RE: Import PDF into Word Document

(OP)
Well.. I have it working. I will incorporate a File Dialog box into this code to select which file/s to select for the end user, but here is a working rough draft. Any of the higher up thinkers on this forum I would love a little help in case you see anything I could be doing better here.

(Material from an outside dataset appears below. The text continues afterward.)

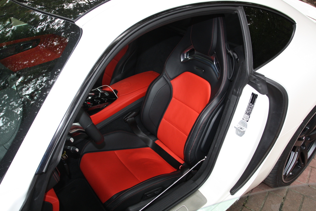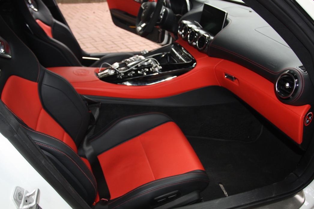 Внутренне пространство этого гоночного болида людям с ярко выраженной клаустрофобией может показаться невероятно тесным, однако нельзя забывать, что вы не в представительский лимузин залезли в ожидании персонального шофера, а находитесь внутри машины, созданной водителями для водителей. Залезая в салон погружаешься в объятия спортивных ковшеобразных анатомических кресел, создается реальное ощущение, что сидишь пятой точкой непосредственно на асфальте. Кокпит словно окружает водителя и пассажира по кругу, на центральном тоннеле расположились большие круглые кнопки, управляющие режимами пилотирования, настройкой трансмиссии и выхлопа, а также музыкой. В тестовой машине салон обтянут ярко-красной кожей, отделан карбоном и алькантарой. В общем, все круто. Позади сидений в типично спортивном стиле расположилась карбоновая балка-распорка для усиления жесткости кузова, ну а за ней начинается багажник, причем отнюдь не крохотного размера, что не так уж и распространено в автомобилях подобного класса. Одним словом, немцы подтверждают главную особенность AMG-GT – это действительно довольно практичный суперкар на каждый день.

Thanks.

CODE --> VBA

Sub convertToWord()
   Dim MyObj As Object, MySource As Object, file As Variant
   Dim lHwnd As Long
   Dim wordApp
   
   wordApp = ActiveDocument
   file = Dir("FolderPathHere" & "FileNameHere.pdf") 'pdf path
   
   ChangeFileOpenDirectory "FolderPathHere"
          Documents.Open FileName:=file, ConfirmConversions:=False, ReadOnly:= _
        False, AddToRecentFiles:=False, PasswordDocument:="", PasswordTemplate:= _
        "", Revert:=False, WritePasswordDocument:="", WritePasswordTemplate:="", _
        Format:=wdOpenFormatAuto, XMLTransform:=""
        
        'convert/select/copy/close PDF
        Selection.WholeStory 'Select whole document
        Selection.Expand wdParagraph 'Expands your selection to current paragraph
        Selection.Copy 'Copy your selection
        
        'close converted file
        ActiveDocument.Close (Word.WdSaveOptions.wdDoNotSaveChanges)
        
        'paste into active document
        Selection.EndKey wdStory 'Move to end of document
        Selection.PasteAndFormat wdPasteDefault 'Pastes in the content
        
    'clear clipboard
    ClearClipboard
    
    'save
    SaveDoc

End Sub 

RE: Import PDF into Word Document

I'm guessing that you must be using Word 2013, since previous versions do not have the ability to directly open PDFs (previous versions treat PDFs as text documents, and import all the contents as text ...)

RE: Import PDF into Word Document

Strongm: The OP mentions Word 2013 in his second most-recent post.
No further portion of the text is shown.